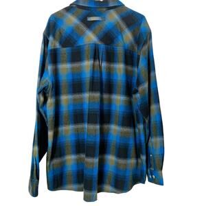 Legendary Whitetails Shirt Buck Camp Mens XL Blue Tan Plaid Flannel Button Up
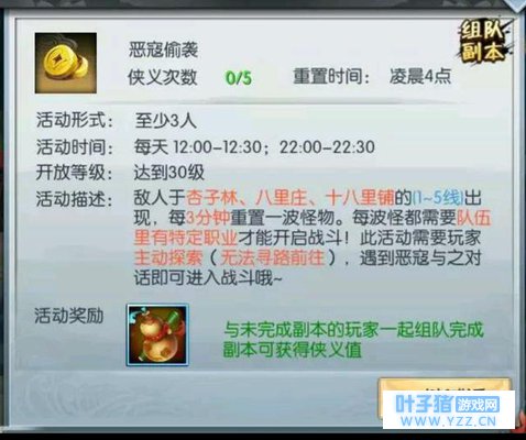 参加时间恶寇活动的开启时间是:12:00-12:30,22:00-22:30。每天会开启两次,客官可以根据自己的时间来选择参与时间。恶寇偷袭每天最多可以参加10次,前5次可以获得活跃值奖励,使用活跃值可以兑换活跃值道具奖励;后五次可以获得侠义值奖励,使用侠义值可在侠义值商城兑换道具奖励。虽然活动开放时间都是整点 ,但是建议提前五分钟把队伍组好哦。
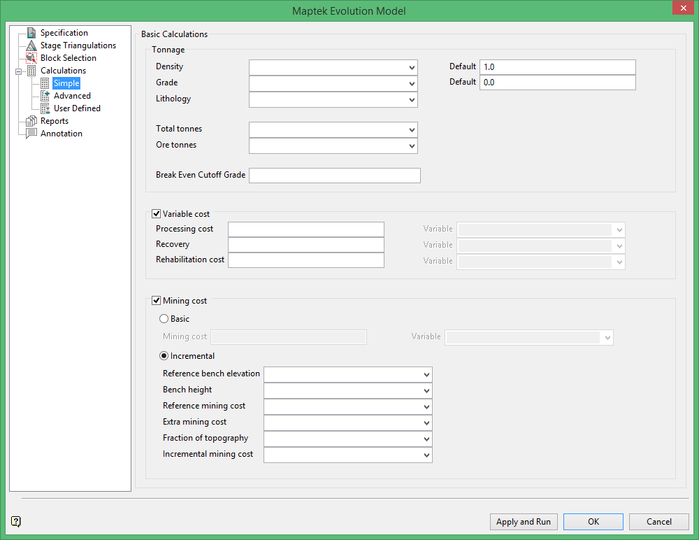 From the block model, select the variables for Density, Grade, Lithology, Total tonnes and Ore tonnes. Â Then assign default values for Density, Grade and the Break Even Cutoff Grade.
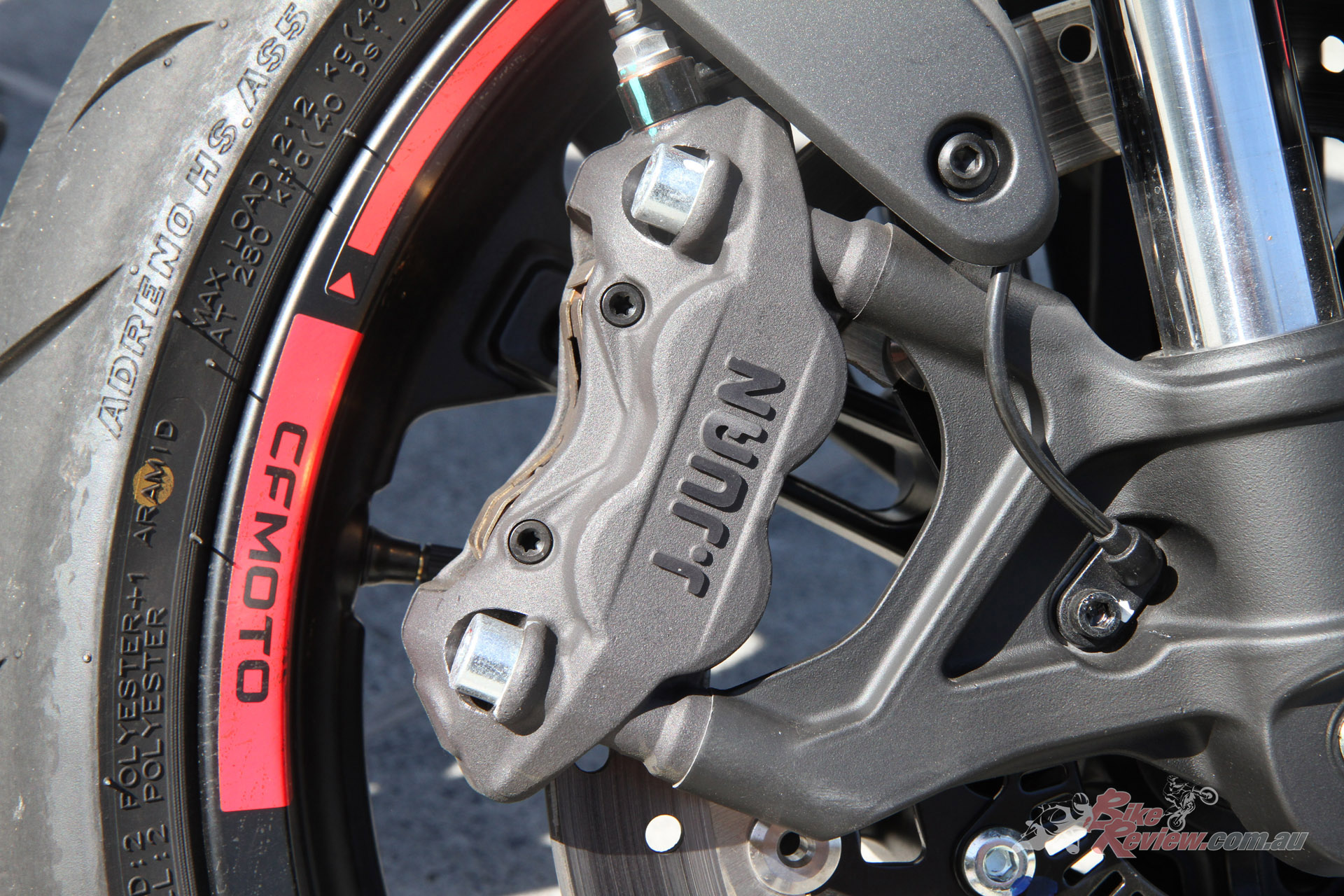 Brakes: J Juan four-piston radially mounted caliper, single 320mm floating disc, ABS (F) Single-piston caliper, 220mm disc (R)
= = =
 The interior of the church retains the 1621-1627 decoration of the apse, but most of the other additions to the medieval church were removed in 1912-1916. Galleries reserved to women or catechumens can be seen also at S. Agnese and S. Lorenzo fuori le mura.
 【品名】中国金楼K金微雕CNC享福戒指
= = =
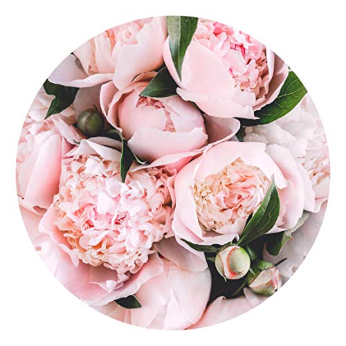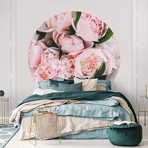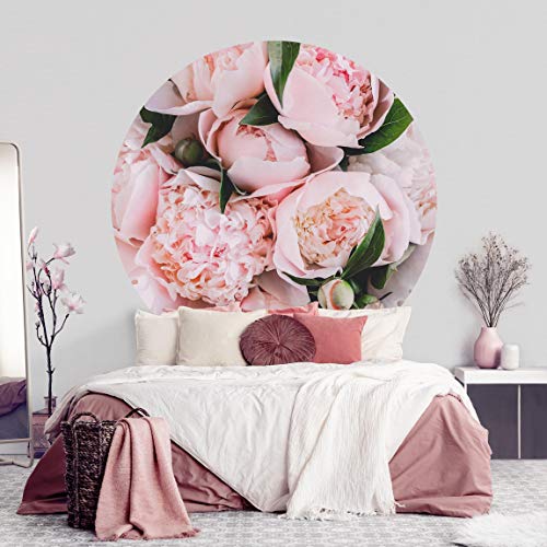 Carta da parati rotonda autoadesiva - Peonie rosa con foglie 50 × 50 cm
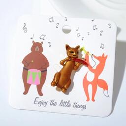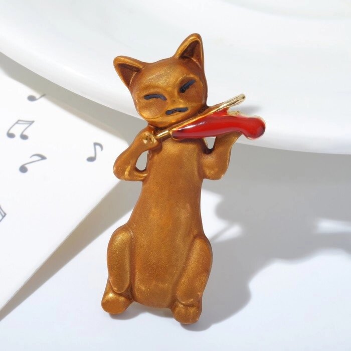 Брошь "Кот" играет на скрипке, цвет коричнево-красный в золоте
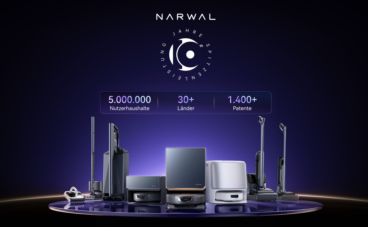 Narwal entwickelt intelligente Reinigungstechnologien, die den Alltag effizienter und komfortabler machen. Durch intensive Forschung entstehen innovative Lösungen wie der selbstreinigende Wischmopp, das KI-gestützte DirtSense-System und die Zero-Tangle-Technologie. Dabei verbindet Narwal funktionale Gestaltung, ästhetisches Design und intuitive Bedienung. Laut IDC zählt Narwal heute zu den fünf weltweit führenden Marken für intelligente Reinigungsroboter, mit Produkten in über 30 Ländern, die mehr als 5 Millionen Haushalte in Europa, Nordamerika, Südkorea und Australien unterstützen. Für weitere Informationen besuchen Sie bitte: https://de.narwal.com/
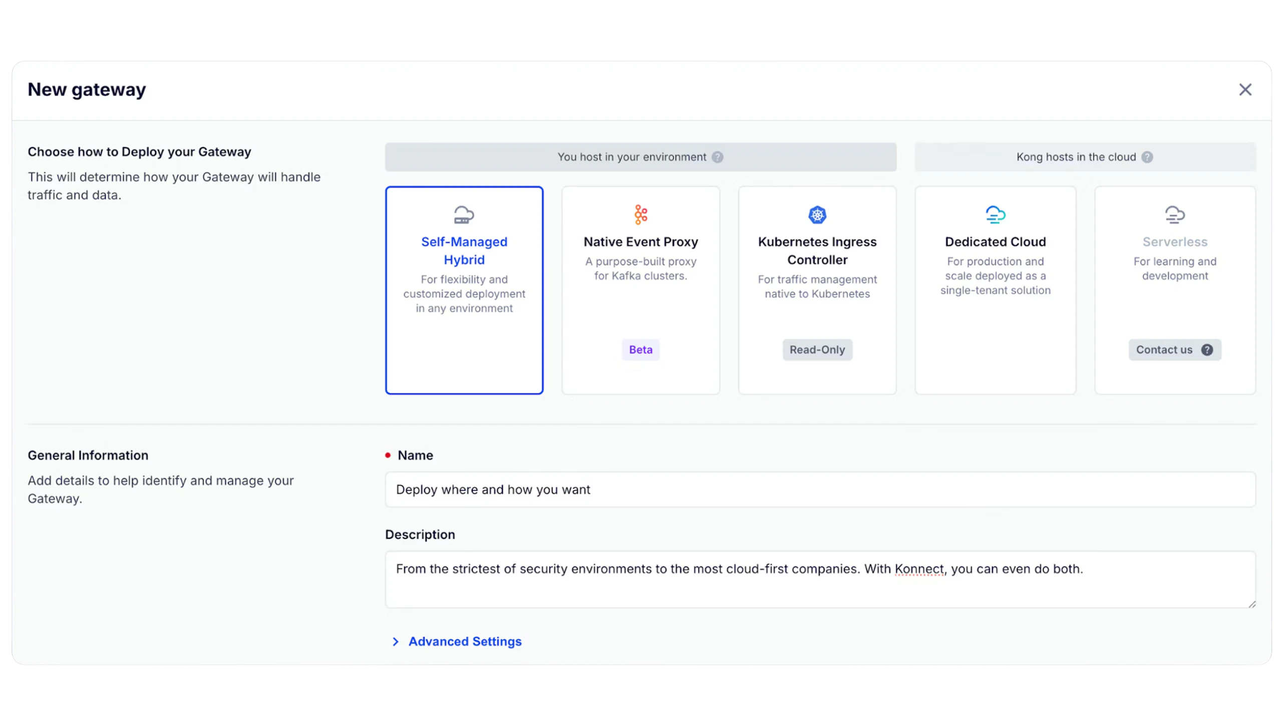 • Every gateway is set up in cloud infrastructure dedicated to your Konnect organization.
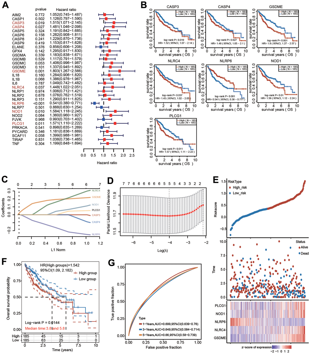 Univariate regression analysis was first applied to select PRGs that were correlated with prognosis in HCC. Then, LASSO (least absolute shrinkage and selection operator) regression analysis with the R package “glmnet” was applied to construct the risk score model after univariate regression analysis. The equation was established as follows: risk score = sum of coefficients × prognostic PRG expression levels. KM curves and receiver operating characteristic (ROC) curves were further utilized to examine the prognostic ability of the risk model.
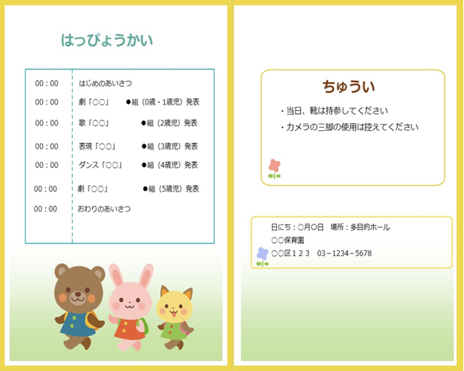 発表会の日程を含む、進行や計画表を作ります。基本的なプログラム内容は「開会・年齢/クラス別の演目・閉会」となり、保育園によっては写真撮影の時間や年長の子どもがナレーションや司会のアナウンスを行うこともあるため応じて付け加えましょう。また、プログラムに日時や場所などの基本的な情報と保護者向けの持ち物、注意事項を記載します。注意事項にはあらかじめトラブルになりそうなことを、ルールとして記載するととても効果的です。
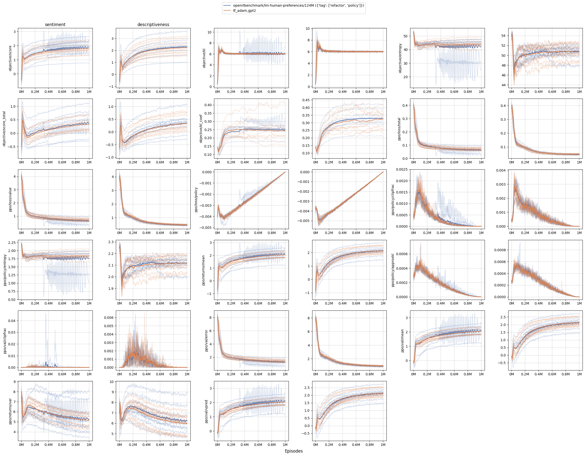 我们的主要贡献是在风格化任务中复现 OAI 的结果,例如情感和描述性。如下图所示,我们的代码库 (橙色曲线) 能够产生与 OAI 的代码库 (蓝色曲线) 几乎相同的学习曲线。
= = =
** REQUIRED ACTION **
Looking above, find the stretch of lines that opens with the one holding "From the block" and closes with the one holding "Brakes: J Juan". Copy it exactly, pictures excluded.

** RESPONSE AREA **
 From the block model, select the variables for Density, Grade, Lithology, Total tonnes and Ore tonnes. Â Then assign default values for Density, Grade and the Break Even Cutoff Grade.
 Brakes: J Juan four-piston radially mounted caliper, single 320mm floating disc, ABS (F) Single-piston caliper, 220mm disc (R)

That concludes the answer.